# Benalmadena location



## lynchy (Aug 14, 2008)

I've been offered some nice accommodation by the Torrequebrada Golf club (500m from beach). As I've never been to Benalmadena I was hoping someone could give me the heads up on the area.

I was a little concerned I was a too far away from a train station, the marina, nightlife etc.. lol

Thanks
Gaz


----------



## Suenneil (Feb 17, 2009)

lynchy said:


> I've been offered some nice accommodation by the Torrequebrada Golf club (500m from beach). As I've never been to Benalmadena I was hoping someone could give me the heads up on the area.
> 
> I was a little concerned I was a too far away from a train station, the marina, nightlife etc.. lol
> 
> ...


Hi Gaz
I dont know that specific area well, but Benalmadena has a lot going on - if you like that sort of thing.
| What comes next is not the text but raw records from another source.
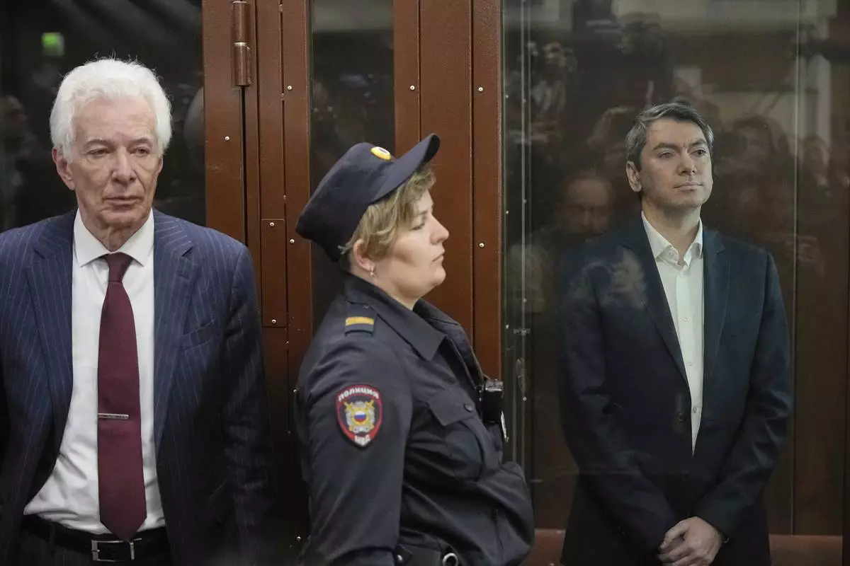 Grigory Melkonyants, right, co-chair of Russia's leading independent election monitoring group Golos who faces up to 5 years in prison, looks at the media standing in a cage in a courtroom prior to a hearing as Lawyer Mikhail Biryukov, stands near in Basmanny district court in Moscow, Russia, Wednesday, May 14, 2025. (AP Photo/Alexander Zemlianichenko)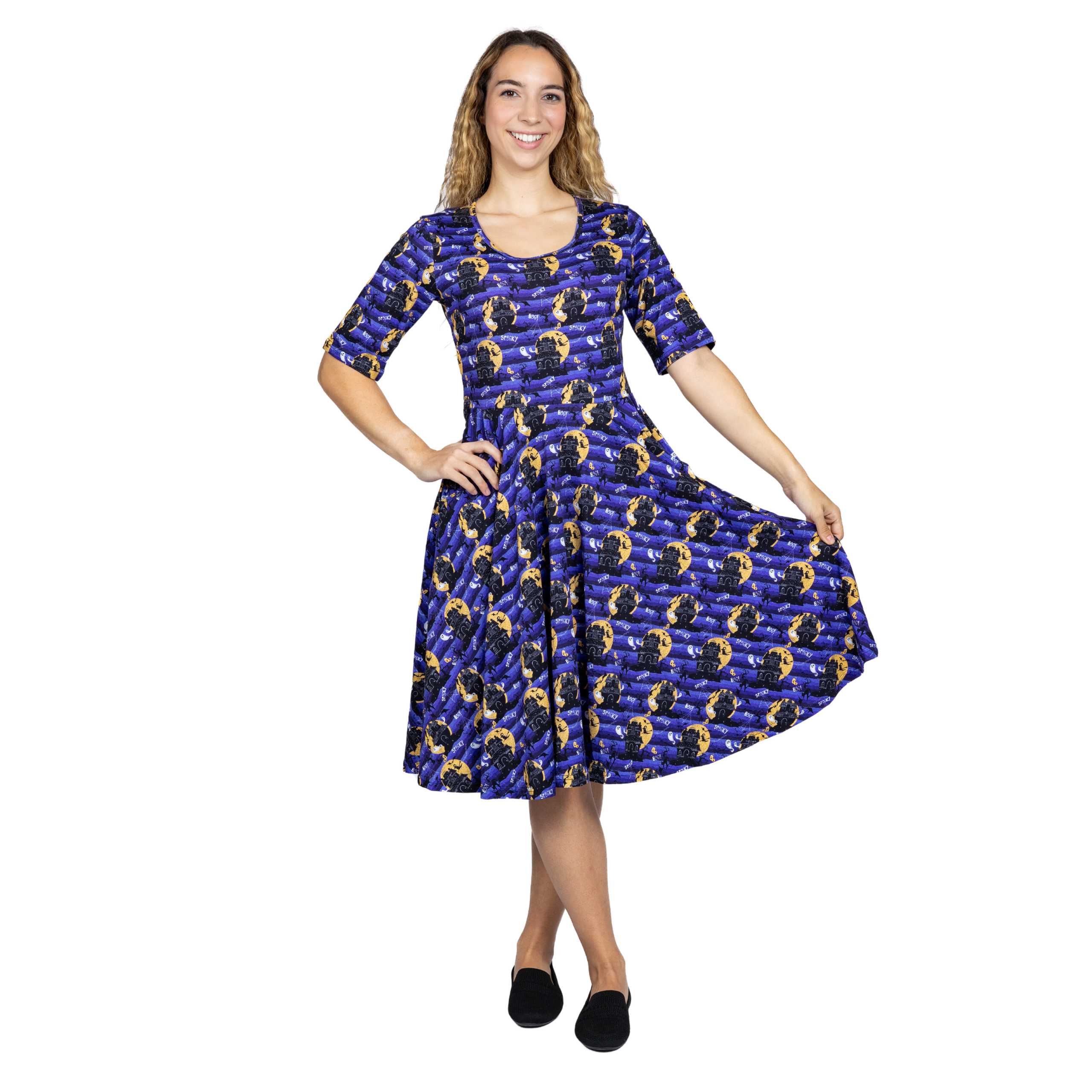 - Elbow-sleeve, round neck, 3/4th circle twirl adult dress with pockets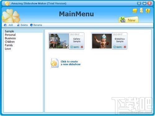 Amazing Slideshow Maker 工具可以用来使用图像,视频,创建幻灯片,电子贺卡,问候,并介绍和音乐。你可以添加很酷的动画和装饰性的文字。一旦创建后,您可以将幻灯片导出为SWF或直接在Facebook和其他流行的视频分享网站发布。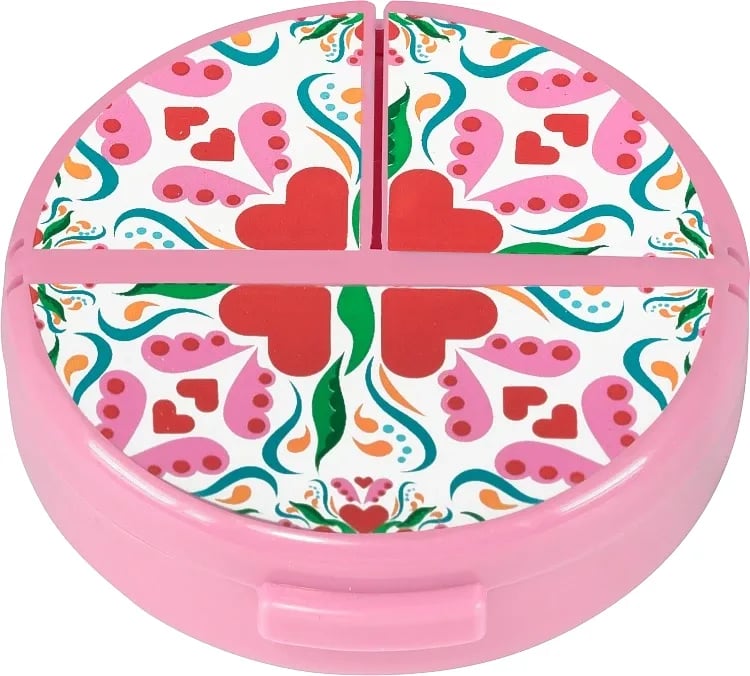 Hjärtats pillerburk 3 fack Rosa mönstrad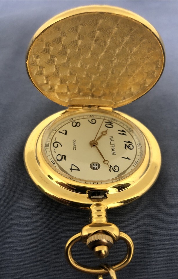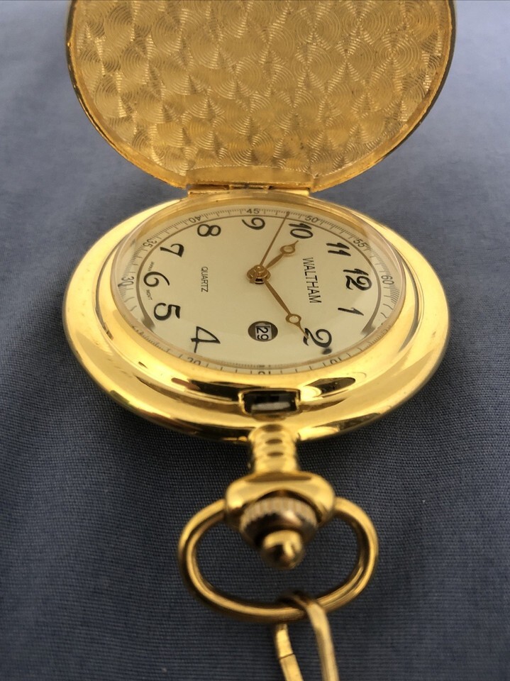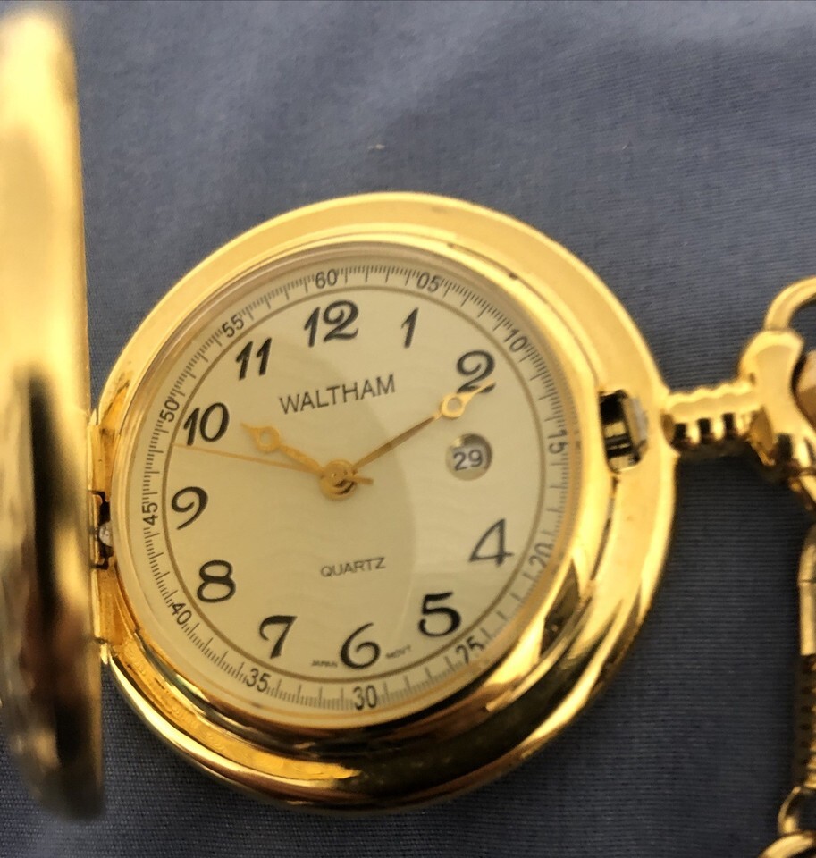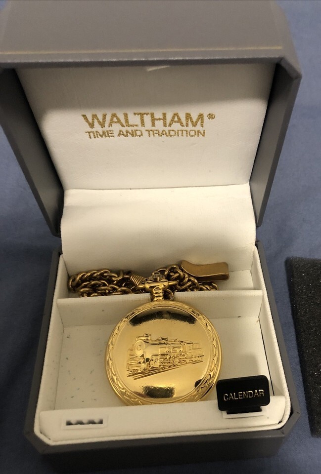 - Waltham locomotive train engraving pocket watch witch calendar feature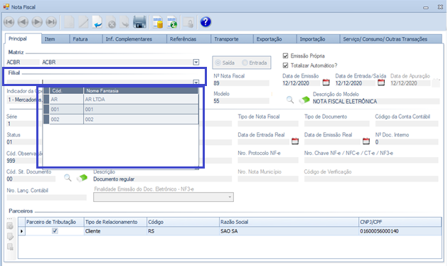 Descrição da Nota: Tratamento na Tela de Nota Fiscal, permitindo a edição do campo Matriz, Filial e Nº Doc interno, quando for efetuada a cópia de um documento.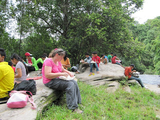 Shortly after the river we parked and went up some stairs to a rock with a Buddha carved on the top.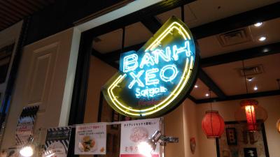 パインセオとはベトナム風お好み焼きとのことで、たっぷりのもやし、豚肉、海老がパリパリのクレープ状のものに包まれています。それを葉物野菜に包んで、ソースをつけて食べます!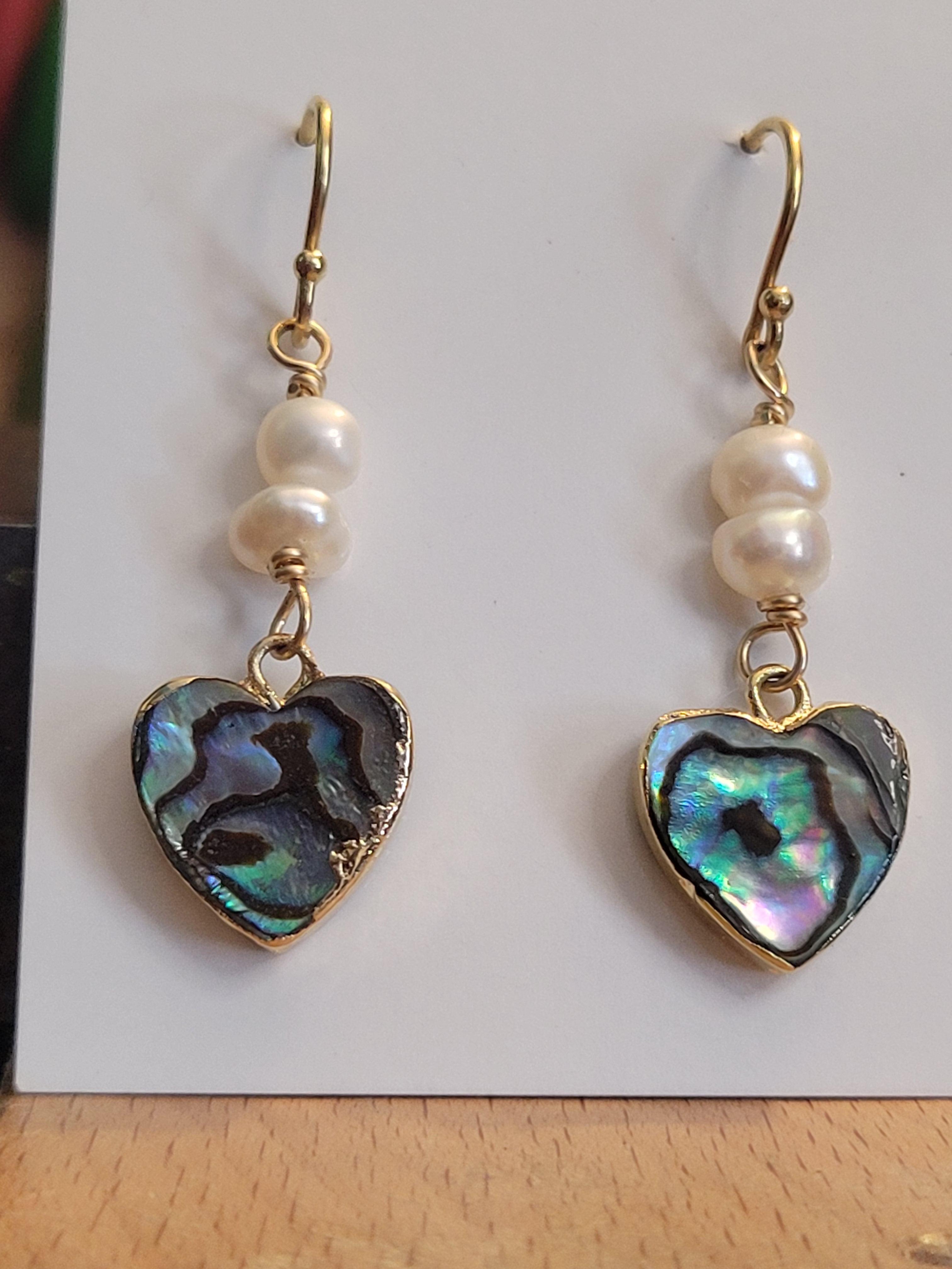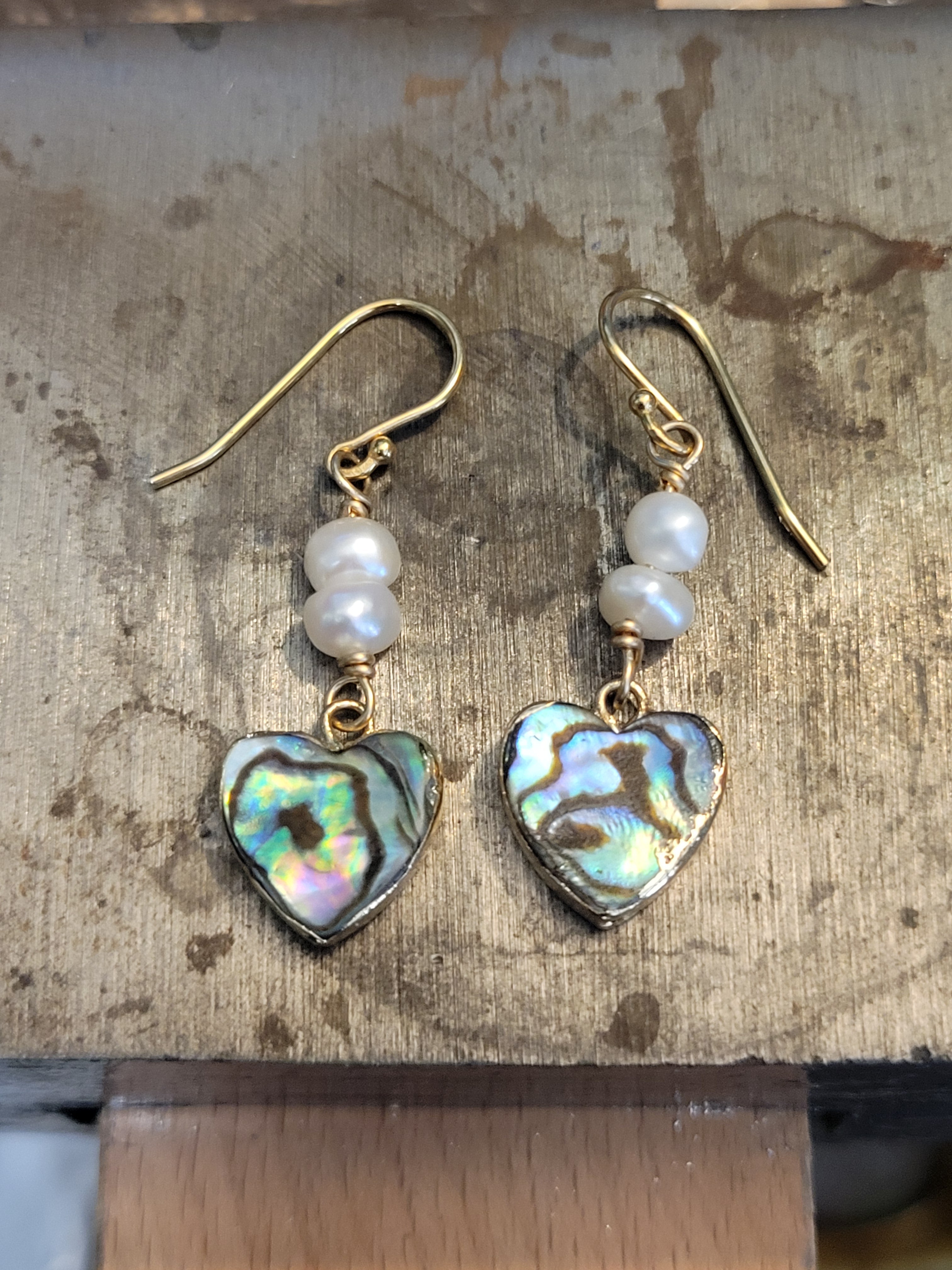 These 13mm abalone hearts and pearl beads come on gold-filled hooks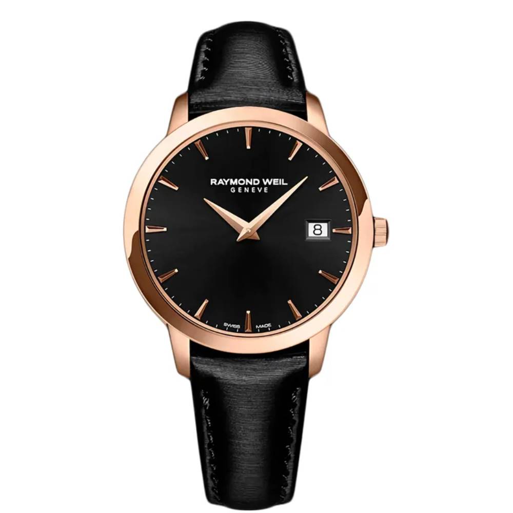 Raymond Weil, fundada en Ginebra, Suiza, en 1976, marca líder de tradición relojera, ha impreso en éste modelo Toccata, una línea tradicional, al tiempo moderna y cien por ciento funcional. Para mujeres de gustos clásicos pero con un estilo de vida dinámico, sin descuidar una estética profundamente femenina en la combinación de piel en color negro y oro rosado.
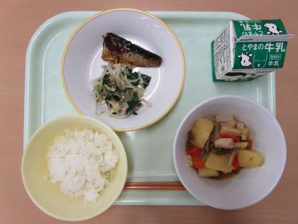 ごはん 牛乳 とりにくとやさいのうまに いわしのうめに しおナムル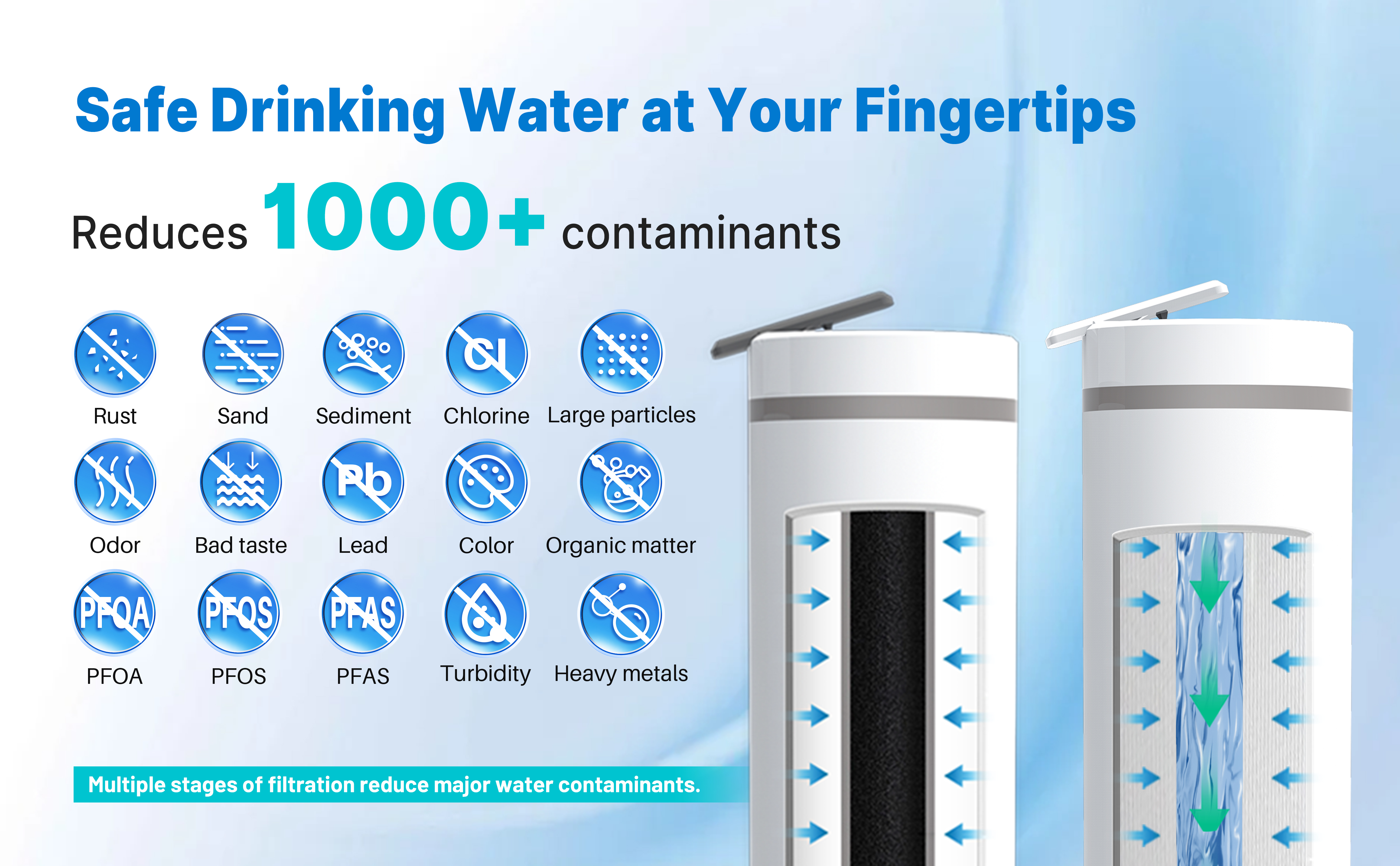 • 𝗦𝘂𝗽𝗲𝗿𝗶𝗼𝗿 𝟬.𝟬𝟬𝟬𝟭 𝗠𝗶𝗰𝗿𝗼𝗻 𝗘𝗳𝗳𝗶𝗰𝗶𝗲𝗻𝘁 𝗙 𝗶𝗹𝘁𝗿𝗮𝘁𝗶𝗼𝗻 - يعمل فلتر PPC 2 في 1 على تقليل الجزيئات الكبيرة بنسبة 100%، و99.99% من الكلور المتبقي واللون والرائحة. يتميز فلتر RO بحجم مسام دقيق يبلغ 0.0001 ميكرون، والذي يمكنه إزالة أكثر من 99.99% من المعادن الثقيلة بما في ذلك الرصاص والزئبق وPFAS والكادميوم وأكثر من 1000 نوع من الملوثات. سوف يخطرك ضوء LED المدمج بقيمة TDS في الوقت الفعلي ويذكرك باستبدال المرشحات عند الضرورة.

Its not really my cup of tea as its pretty touristy and busy! But thats not to say other people dont love it! 

Im sure there is a train station in Torrequebrada as well as Benalmadena ??? and I know there are lots of cliubs, bars and nightlife in both areas...although again in my opinion its very "British" ....lol!!!

I know we have people on the forum who know that area better than me so I will let them give you the benefit of their own knowledge!

Sue lane:


----------



## jojo (Sep 20, 2007)

lynchy said:


> I've been offered some nice accommodation by the Torrequebrada Golf club (500m from beach). As I've never been to Benalmadena I was hoping someone could give me the heads up on the area.
> 
> I was a little concerned I was a too far away from a train station, the marina, nightlife etc.. lol
> 
> ...


Altho I dont know the area that well, I've been there a few times and I'm fairly sure that Torrquebrada and the golf course are up the other end from the Puerto/marina and the main "buzz", so a good couple of miles I'm aftraid. But I suspect Torrequebrada has its own nightlife ??? I've no idea where the train station is. 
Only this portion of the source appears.